- [PROBLEM STATEMENT]: From the top of the records below, return each line exactly, ending with the line that contains "การแสดงละครชาตรี คณะสำเร้งศิลป์ อำเภอพุนสนิม".

══ TASK DATA

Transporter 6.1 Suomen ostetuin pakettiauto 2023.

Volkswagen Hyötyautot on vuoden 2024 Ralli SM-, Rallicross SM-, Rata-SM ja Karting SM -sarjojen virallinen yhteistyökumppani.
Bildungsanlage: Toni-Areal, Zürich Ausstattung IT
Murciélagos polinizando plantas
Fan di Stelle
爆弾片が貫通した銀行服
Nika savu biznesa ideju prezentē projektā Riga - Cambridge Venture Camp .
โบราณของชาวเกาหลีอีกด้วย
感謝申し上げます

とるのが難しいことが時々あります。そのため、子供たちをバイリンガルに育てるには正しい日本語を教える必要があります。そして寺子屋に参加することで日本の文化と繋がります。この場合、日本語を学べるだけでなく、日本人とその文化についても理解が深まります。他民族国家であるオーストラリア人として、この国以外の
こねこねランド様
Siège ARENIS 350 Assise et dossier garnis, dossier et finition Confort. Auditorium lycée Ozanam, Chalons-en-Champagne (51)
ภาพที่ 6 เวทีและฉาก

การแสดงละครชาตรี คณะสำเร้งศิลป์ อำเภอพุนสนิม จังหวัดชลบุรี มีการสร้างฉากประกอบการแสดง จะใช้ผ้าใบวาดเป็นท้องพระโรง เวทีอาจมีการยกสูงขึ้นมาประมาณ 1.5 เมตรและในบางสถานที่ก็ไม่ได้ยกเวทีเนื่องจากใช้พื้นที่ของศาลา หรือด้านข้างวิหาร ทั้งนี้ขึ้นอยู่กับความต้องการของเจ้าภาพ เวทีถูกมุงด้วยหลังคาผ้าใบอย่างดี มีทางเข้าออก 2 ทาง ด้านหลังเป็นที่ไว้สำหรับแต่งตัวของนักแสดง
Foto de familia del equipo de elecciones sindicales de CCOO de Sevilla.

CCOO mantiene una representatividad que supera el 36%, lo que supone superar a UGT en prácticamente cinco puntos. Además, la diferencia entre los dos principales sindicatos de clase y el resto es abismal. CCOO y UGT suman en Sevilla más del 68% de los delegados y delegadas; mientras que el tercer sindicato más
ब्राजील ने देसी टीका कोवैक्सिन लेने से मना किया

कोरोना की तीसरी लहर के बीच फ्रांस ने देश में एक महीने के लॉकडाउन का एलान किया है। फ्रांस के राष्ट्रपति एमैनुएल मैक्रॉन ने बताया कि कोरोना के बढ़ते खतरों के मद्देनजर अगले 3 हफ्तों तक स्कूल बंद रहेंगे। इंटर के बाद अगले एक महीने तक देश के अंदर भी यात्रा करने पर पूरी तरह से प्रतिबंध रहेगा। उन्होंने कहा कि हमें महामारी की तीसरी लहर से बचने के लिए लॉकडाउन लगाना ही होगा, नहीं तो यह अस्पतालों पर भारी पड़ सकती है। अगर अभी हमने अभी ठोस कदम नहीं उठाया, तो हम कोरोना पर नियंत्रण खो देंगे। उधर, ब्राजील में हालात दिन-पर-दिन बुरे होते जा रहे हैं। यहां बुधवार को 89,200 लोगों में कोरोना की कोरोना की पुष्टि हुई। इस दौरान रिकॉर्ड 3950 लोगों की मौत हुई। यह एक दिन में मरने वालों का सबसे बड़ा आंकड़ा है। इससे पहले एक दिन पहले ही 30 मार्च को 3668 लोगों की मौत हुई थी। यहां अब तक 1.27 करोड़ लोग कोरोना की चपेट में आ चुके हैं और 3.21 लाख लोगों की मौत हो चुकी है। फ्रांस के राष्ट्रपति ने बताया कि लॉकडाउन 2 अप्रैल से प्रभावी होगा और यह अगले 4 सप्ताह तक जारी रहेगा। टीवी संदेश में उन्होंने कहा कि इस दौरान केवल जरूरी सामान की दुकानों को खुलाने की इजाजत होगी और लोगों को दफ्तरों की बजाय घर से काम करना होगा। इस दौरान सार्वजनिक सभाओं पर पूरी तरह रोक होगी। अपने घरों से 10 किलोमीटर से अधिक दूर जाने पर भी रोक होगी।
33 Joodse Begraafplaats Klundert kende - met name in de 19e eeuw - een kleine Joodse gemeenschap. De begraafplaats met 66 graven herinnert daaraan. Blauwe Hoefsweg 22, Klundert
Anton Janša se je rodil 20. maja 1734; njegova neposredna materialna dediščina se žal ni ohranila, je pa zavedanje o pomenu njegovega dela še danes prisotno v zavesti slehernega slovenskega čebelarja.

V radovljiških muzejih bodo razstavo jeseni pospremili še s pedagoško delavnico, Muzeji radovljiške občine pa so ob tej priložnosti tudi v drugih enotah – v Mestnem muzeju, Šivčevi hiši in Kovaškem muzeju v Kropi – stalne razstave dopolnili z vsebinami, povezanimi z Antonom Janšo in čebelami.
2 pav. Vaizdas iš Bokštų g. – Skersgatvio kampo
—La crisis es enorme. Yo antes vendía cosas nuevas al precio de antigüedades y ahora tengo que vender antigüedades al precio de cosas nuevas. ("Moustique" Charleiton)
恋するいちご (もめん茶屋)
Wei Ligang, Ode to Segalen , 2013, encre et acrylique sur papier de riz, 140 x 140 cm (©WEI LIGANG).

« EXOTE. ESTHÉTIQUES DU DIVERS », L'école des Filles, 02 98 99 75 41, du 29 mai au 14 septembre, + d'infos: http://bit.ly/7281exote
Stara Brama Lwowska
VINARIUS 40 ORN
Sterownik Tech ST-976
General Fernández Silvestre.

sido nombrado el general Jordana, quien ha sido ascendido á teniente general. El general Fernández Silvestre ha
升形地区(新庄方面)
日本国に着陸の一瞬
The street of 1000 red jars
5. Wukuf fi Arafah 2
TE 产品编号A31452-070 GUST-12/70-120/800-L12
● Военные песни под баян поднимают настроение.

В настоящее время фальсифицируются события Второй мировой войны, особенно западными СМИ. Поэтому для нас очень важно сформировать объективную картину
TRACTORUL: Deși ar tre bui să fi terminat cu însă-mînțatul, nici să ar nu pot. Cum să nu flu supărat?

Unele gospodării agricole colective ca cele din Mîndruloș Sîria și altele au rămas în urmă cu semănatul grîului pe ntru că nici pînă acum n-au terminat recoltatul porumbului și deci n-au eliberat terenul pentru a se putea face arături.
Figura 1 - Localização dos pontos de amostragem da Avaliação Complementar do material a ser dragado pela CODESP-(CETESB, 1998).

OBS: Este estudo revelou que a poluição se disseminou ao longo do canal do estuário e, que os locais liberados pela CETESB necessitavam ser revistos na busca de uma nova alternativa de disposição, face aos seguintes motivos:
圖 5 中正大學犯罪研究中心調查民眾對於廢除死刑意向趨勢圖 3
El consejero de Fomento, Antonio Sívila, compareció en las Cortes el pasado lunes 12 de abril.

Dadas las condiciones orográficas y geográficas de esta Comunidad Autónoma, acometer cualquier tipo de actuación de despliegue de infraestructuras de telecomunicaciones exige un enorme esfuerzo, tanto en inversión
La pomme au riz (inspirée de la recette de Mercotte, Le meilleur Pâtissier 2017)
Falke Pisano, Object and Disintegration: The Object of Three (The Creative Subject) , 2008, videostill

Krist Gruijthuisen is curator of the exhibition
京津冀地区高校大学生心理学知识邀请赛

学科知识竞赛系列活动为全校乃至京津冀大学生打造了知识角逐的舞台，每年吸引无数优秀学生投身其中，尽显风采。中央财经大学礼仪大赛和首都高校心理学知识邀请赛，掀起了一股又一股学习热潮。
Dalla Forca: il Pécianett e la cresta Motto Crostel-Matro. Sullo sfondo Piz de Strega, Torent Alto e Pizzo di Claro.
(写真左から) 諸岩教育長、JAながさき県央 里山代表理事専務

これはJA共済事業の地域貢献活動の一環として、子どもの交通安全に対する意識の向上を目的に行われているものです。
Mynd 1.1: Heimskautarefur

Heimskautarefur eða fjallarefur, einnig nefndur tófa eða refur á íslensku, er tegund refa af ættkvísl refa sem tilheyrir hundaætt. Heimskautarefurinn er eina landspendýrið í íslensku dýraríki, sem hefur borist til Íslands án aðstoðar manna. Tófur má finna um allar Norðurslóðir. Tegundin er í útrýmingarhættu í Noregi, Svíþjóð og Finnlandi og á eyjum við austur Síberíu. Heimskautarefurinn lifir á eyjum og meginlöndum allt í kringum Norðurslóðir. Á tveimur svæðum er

════

- [SOLUTION FOR THIS TASK]:
Transporter 6.1 Suomen ostetuin pakettiauto 2023.

Volkswagen Hyötyautot on vuoden 2024 Ralli SM-, Rallicross SM-, Rata-SM ja Karting SM -sarjojen virallinen yhteistyökumppani.
Bildungsanlage: Toni-Areal, Zürich Ausstattung IT
Murciélagos polinizando plantas
Fan di Stelle
爆弾片が貫通した銀行服
Nika savu biznesa ideju prezentē projektā Riga - Cambridge Venture Camp .
โบราณของชาวเกาหลีอีกด้วย
感謝申し上げます

とるのが難しいことが時々あります。そのため、子供たちをバイリンガルに育てるには正しい日本語を教える必要があります。そして寺子屋に参加することで日本の文化と繋がります。この場合、日本語を学べるだけでなく、日本人とその文化についても理解が深まります。他民族国家であるオーストラリア人として、この国以外の
こねこねランド様
Siège ARENIS 350 Assise et dossier garnis, dossier et finition Confort. Auditorium lycée Ozanam, Chalons-en-Champagne (51)
ภาพที่ 6 เวทีและฉาก

การแสดงละครชาตรี คณะสำเร้งศิลป์ อำเภอพุนสนิม จังหวัดชลบุรี มีการสร้างฉากประกอบการแสดง จะใช้ผ้าใบวาดเป็นท้องพระโรง เวทีอาจมีการยกสูงขึ้นมาประมาณ 1.5 เมตรและในบางสถานที่ก็ไม่ได้ยกเวทีเนื่องจากใช้พื้นที่ของศาลา หรือด้านข้างวิหาร ทั้งนี้ขึ้นอยู่กับความต้องการของเจ้าภาพ เวทีถูกมุงด้วยหลังคาผ้าใบอย่างดี มีทางเข้าออก 2 ทาง ด้านหลังเป็นที่ไว้สำหรับแต่งตัวของนักแสดง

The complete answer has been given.